For assessment of the MTD, WT mice (3–5 month old) were acutely injected either with NYC215, NYC438, and NYC488 in an exploratory challenging dose-response treatment designed as sequential acute i.p. injections to establish the dose that produces a marked malaise. MTD was experimentally obtained as the dose immediately antecedent the one inducing malaise, and was found to be at 100 mg/kg i.p. for NYC215, at 150 mg/kg i.p. for NYC438, and at 200 mg/kg i.p. for NYC488. All these doses were >10 times higher than the concentration used in the efficacy study.

The evaluation of acute toxicity at MTD doses was then carried out in another set of animals (3–5 month old), acutely injected either with vehicle, NYC215, NYC438, or NYC488. No clinical signs of toxicity (as measured through food and liquid intake, weight change, locomotion and exploratory behavior, as well as mortality) were observed during the first 24 h with continuous monitoring given in the first 4 h, as well as for 14 days after acute, single dose administration. This observation was supported by the necropsy performed on the treated animals at 14 days after the acute treatment. Necropsy included weights and measurements of organs, appearance of organs (fat deposition, hemorrhage, pigment deposition or other changes, lesion, consistency), and examination of specific macro-lesions such as abnormal growths, fibrosis, and necrosis. We did not observe signs of anatomical modifications.

Next, we performed the evaluation of chronic toxicity. An additional set of experiments was performed with treatment for 15 days at the respective MTD for each drug or vehicle. Body weight, fluid and food intake, as well as any sign of behavioral distress, were continuously monitored during the treatment. No physical/behavioral distress or death was observed throughout the treatment. At the end of the chronic treatment, animals were sacrificed and necropsy was carried out in all the animals. Finally, in a separate set of experiments, treatment was perform for 15 days at the MTD and animals were monitored afterwards for additional 15 days to examine possible delayed signs of toxicity. Again, we did not observe any signs of toxicity.

In the absence of gross abnormalities, histopathologic evaluation after necropsy was limited to organs that have reported pathology linked to calpain inhibition or loss of function (for a review on the role of calpains in pathology see [49]).

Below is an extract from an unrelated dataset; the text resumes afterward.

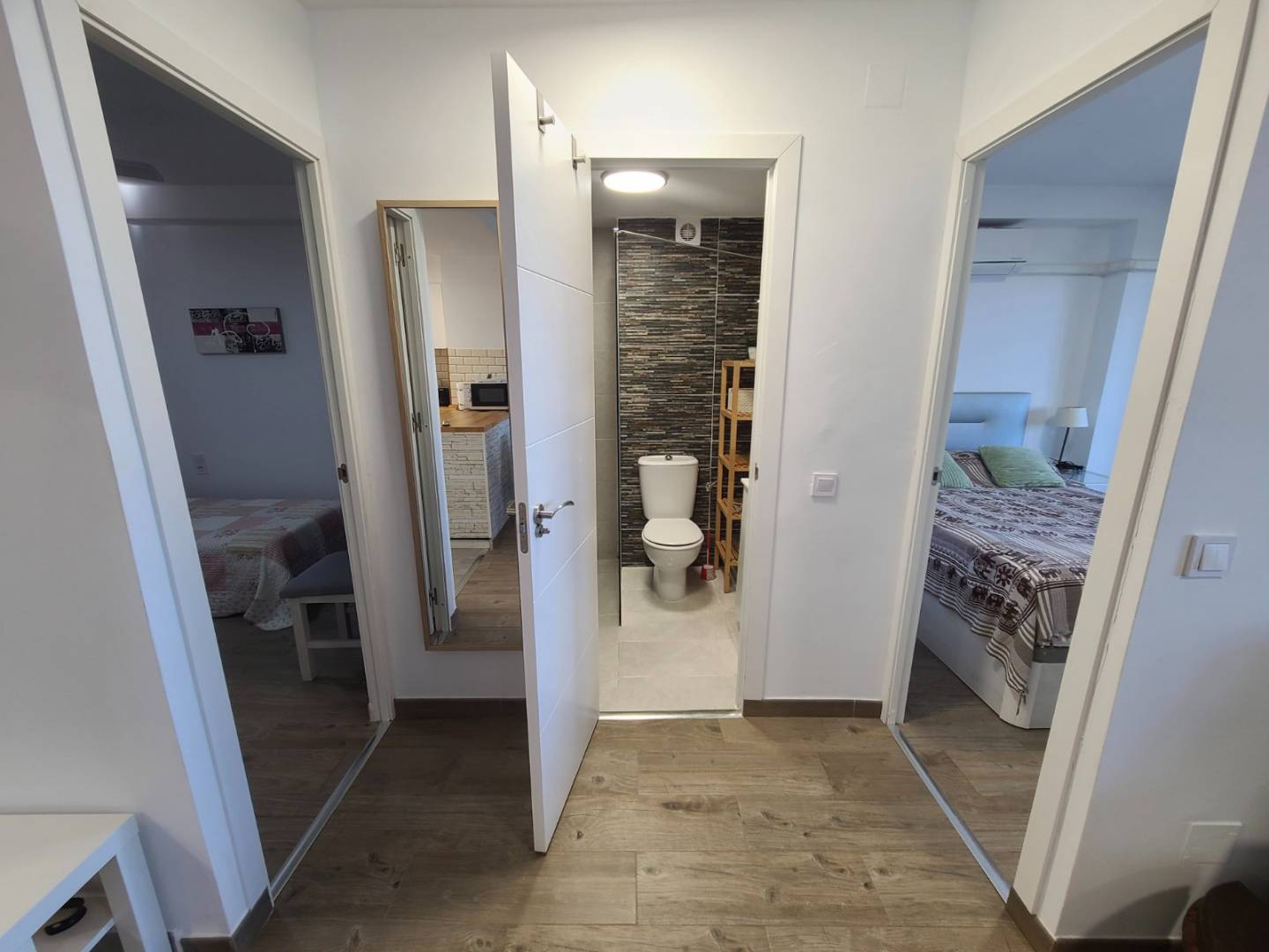 The apartment is in excellent condition , equipped with air conditioning in every room, individual heating , a Smart TV , and a washing machine. It is located on the second floor of a building with an elevator and accessible entrances for people with reduced mobility. Free street parking is also available directly in front of the building.
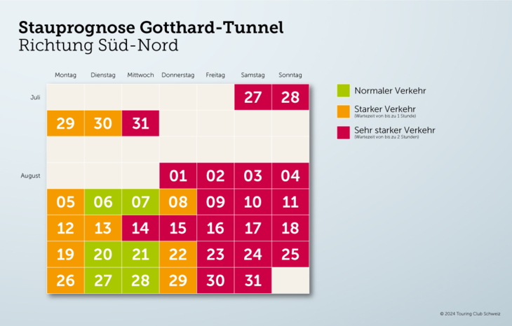 Bereits am Wochenende vom 27. und 28. Juli startet der Rückreiseverkehr in Richtung Norden. Am ersten und zweiten August-Wochenende könnte die Zehn-Kilometer-Staugrenze vor dem Gotthard-Südportal erreicht werden. Die längsten Wartezeiten werden zwischen Donnerstag und Montag erwartet.

In particular, we focused on the condition of the liver (hepatotoxicity has been reported in association with protease inhibitors used in the treatment of HIV that inhibit calpain activity; hepatic steatosis and fibrosis, elevated free fatty acid levels and insulin resistance are associated with decreased activity of calpain 10), the kidney (looking for signs of diabetic nephropathy because of the possible inhibition of calpain 10, cellularity, inflammation, collagen deposition/fibrosis/sclerosis on glomeruli, vessels, tubules, collecting ducts and interstitium, common nephrotoxic effects as proximal tubular epithelial cell damage or renal papillary necrosis), the muscle (checking for myofiber size and fibrosis, necrotic fibers and dystrophy because the loss of function mutations in calpain 3 results in Limb Girdle Muscular Dystrophy Type 2A, regenerative fibers, fat deposition, inflammation), the stomach (assessing the possible presence of gastric cancer because calpain 9 has been proposed to act as a gastric cancer suppressor), and finally the brain (assessing cytoarchitecture, neuronal loss including both apoptosis and necrosis, inflammation, axonal degeneration, gliosis, myelination, body inclusions, neurotoxicity in neocortex, striatum, thalamus, hippocampus, brain stem, and cerebellum).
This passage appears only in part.